Algo también por demás reprobable es la absurda confrontación entre ellos y la guerra sucia que varios grupos políticos han emprendido contra el alcalde Ángel Torres Culebro, al que escarnecen, critican, difaman y le cuelgan todo tipo de acusaciones, tengan o no cómo o con qué justificarlas.

Irónicamente, quieren descarrilar al alcalde y lo que han conseguido es potenciar todavía más su imagen.

Desconozco si Torres Culebro ha anunciado o manifestado de forma pública su interés por reelegirse. Siempre lo he considerado un funcionario de temple, prudente e inteligente. Supongo que, como muchos de ustedes, él comprende que anunciar su aspiración en este preciso momento es contraproducente. La sobreexposición lo pondría como cartel de tiro al blanco.

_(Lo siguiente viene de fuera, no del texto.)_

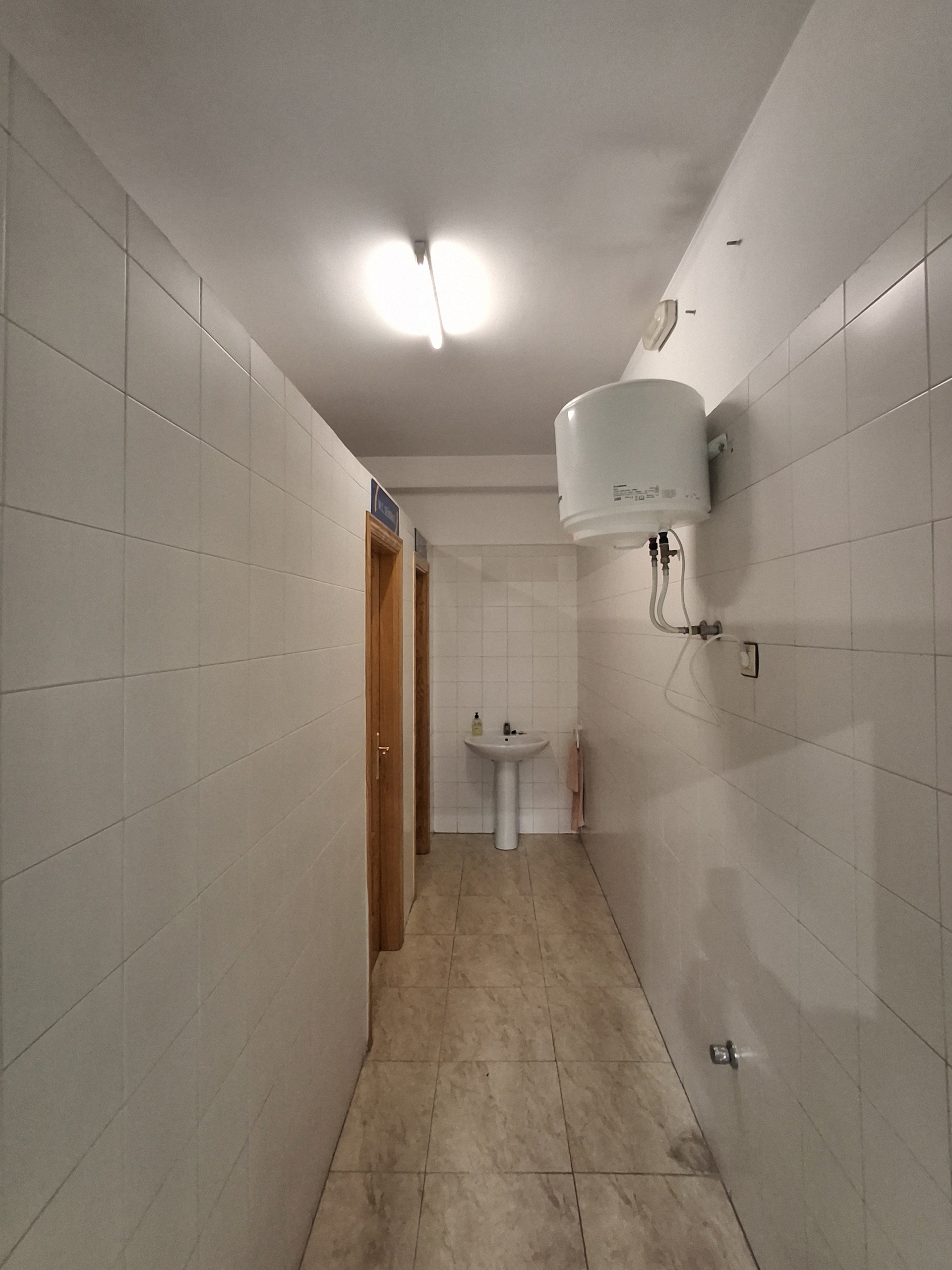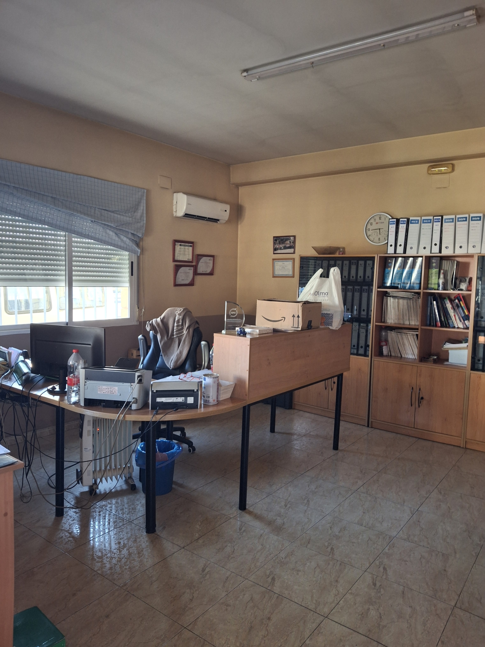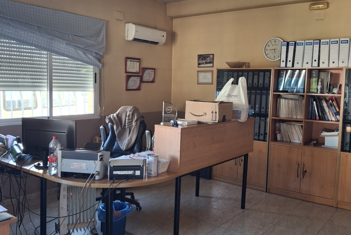 En el interior de la nave esta en varias estancias de trabajo, oficina, sala de espera, aseo y vestuario y almacén de repuestos

Aunque, desde luego, no sería errado pensar que su corazoncito anhela repetir en el cargo por un trienio más.

Como sea, la guerra sucia en su contra ha elevado sus activos. Por una parte, los ataques lo han beneficiado en términos de promoción mediática. Pues ya lo decía P.T. Barnum: “No existe la mala publicidad”, y en política menos. Por otra, al ser más visible por la propaganda gratuita, él ha aprovechado esta situación para destacar las acciones, programas y logros de su gobierno.

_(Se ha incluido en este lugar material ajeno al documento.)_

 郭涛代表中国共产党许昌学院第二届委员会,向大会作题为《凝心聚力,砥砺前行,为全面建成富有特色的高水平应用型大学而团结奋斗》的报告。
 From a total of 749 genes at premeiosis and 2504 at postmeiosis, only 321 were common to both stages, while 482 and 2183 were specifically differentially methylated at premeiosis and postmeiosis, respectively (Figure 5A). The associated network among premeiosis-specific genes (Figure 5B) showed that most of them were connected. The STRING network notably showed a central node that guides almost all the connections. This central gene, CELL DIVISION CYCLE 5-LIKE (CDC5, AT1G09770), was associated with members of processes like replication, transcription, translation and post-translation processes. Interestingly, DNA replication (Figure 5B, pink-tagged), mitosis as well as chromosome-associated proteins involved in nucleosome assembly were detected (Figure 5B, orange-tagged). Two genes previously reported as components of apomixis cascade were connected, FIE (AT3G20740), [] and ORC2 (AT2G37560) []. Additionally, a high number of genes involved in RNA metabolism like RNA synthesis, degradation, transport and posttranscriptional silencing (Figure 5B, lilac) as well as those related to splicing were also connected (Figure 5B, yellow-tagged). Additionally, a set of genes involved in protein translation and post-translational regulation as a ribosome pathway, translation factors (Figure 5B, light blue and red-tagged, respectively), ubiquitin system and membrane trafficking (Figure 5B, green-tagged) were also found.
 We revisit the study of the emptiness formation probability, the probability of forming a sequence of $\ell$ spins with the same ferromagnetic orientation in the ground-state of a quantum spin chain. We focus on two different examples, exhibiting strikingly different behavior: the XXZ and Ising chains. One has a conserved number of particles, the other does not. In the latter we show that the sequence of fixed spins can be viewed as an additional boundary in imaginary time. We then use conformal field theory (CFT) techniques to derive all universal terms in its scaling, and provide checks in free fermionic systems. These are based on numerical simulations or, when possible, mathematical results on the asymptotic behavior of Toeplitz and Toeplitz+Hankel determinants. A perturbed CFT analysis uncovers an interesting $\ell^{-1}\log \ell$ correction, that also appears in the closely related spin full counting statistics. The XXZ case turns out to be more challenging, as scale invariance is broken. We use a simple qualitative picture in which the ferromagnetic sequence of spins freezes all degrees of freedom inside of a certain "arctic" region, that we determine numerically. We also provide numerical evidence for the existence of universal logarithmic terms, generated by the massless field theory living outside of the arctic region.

Hay que reconocer esa parte en Torres Culebro. No se engancha en los dimes y diretes y tampoco busca la confrontación con sus velados adversarios políticos.

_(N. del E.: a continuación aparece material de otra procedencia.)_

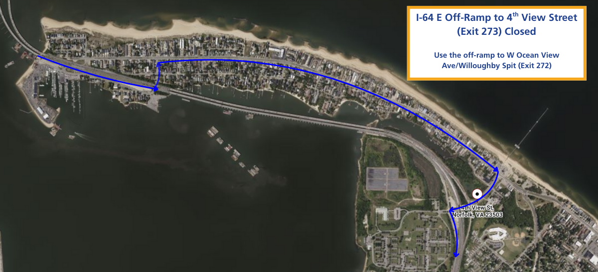 - Single lane closure on I-64 east from Willoughby Bay Bridge to 4th View St from 7 p.m. to 5 a.m.
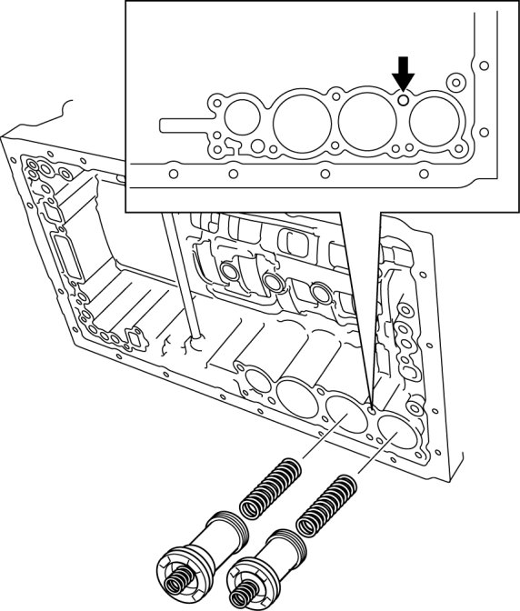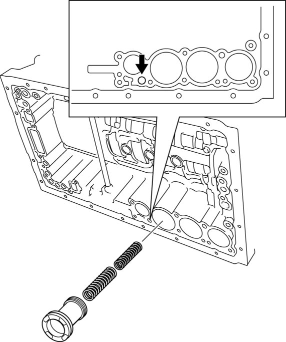 22. Apply compressed air into the oil passage as shown in the figure and remove the accumulator piston (C-3) and compression springs from the transmission case.
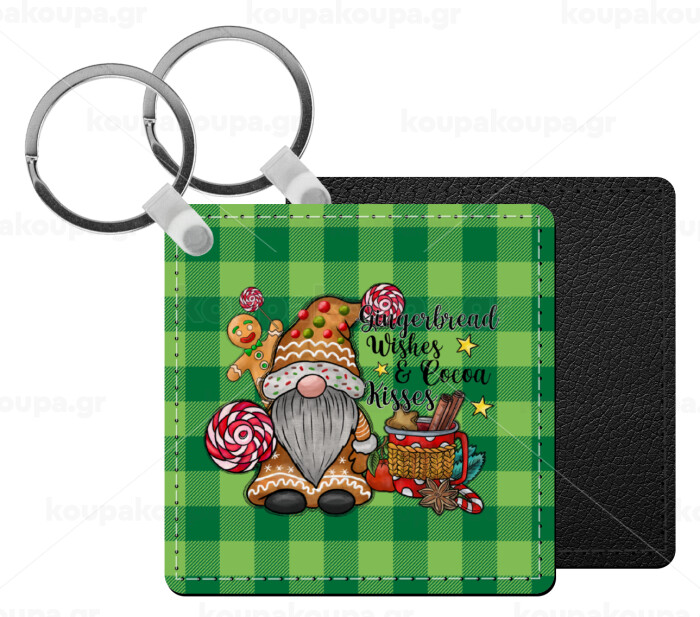 Gingerbread Wishes, Μπρελόκ Δερματίνη, τετράγωνο ΜΑΥΡΟ (5x5cm)
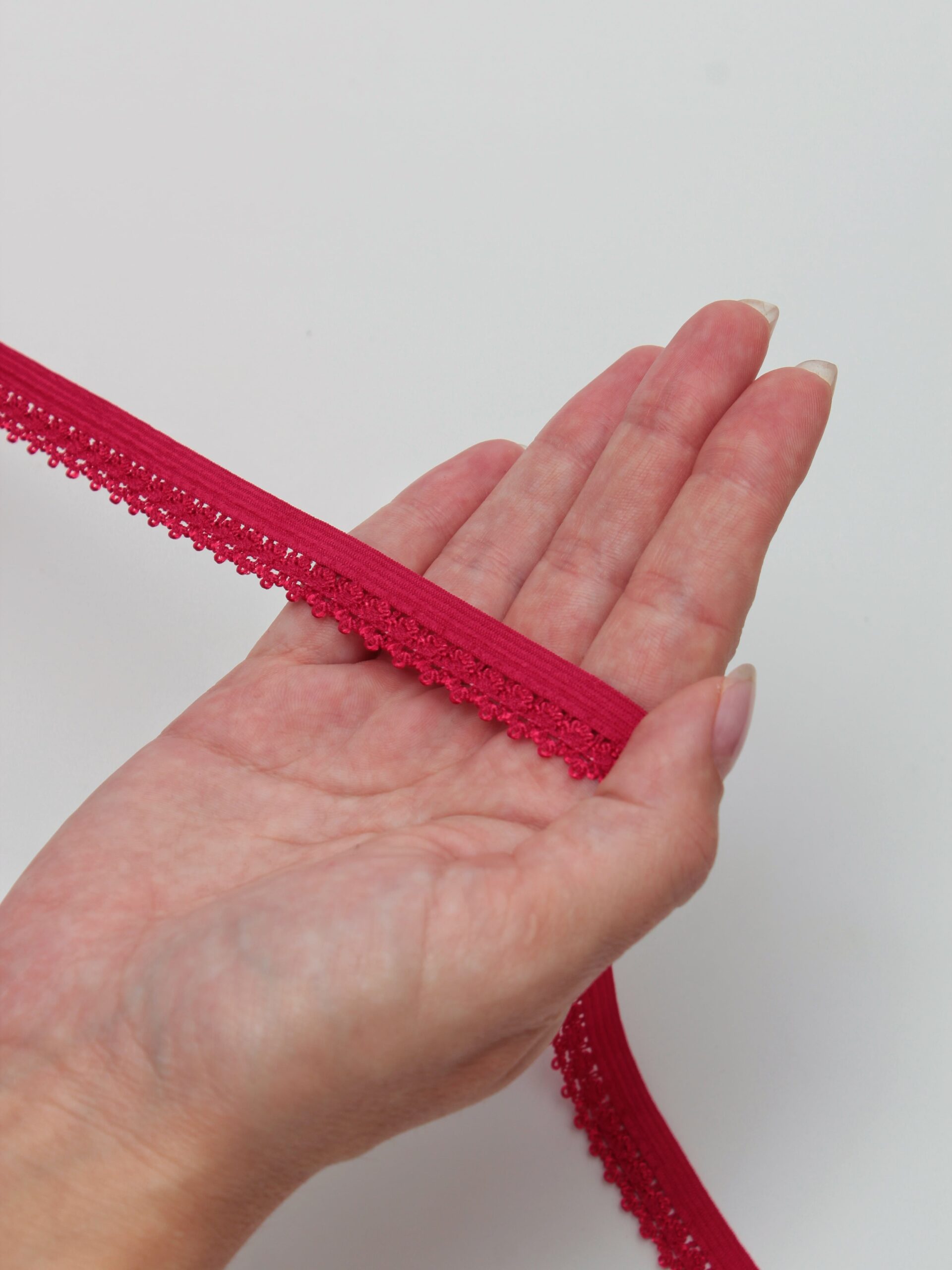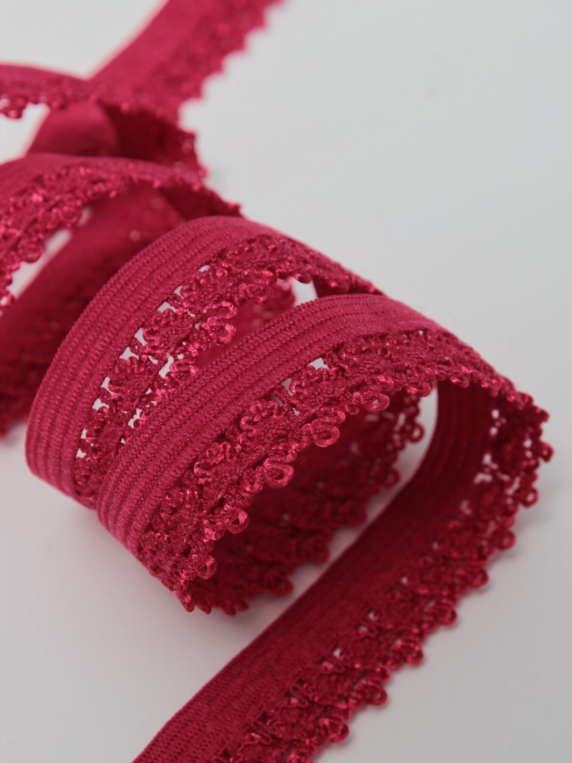Резинка бельевая отделочная ажурная тонкая красного оттенка. Лента эластичная тонкая малиново-красная.

Mejor todavía, en lugar de eso se ha puesto a trabajar. A diferencia de muchos aspirantes a la alcaldía capitalina, es su trabajo su mejor argumento y el motivo por el cual se ha ganado la confianza de miles de tuxtlecos.

¿Quién no podría estar contento con un gobernante que durante el primer año de gestión ha inaugurado más de 240 calles integrales en más de 50 colonias, que ha rehabilitado parques, mercados públicos y el alumbrado, que ha mejorado la conectividad vial, que ha impulsado programas en apoyo a madres de familia con la entrega de aves de traspatio y alimentos balanceados, o paquetes de útiles escolares para estudiantes de quinto semestre de preparatoria o tinacos y láminas a familias en situación de vulnerabilidad, logrando hacer justicia social y buscando mejorar su calidad de vida?

Aparte, en colaboración y coordinación con el Gobierno del Estado ha implementado estrategias para recuperar la seguridad del municipio y, también en conjunto, busca convertir a Tuxtla Gutiérrez en la capital del sursureste de México, con mayor inversión y turismo.

Repito: ignoro si Ángel Torres ha anunciado su intención de competir por la reelección en 2027, pero en este contexto, donde unos lo atacan y él responde con resultados tangibles, bien podría levantar la mano.

EN RESUMEN

En fin, es triste saber que las calenturas políticas rumbo al 2027 son, en gran medida, la manifestación más clara de un sistema que parece depender más de la movilización electoral que de la consolidación de políticas públicas.

Y creo, en este sentido, que la pregunta no es quién ganará la próxima elección, sino cuánto más aguantará el ciudadano de a pie ante la calentura de los políticos que ambicionan más saltar a la alcaldía tuxtleca que en entregar resultados de sus actuales responsabilidades públicas.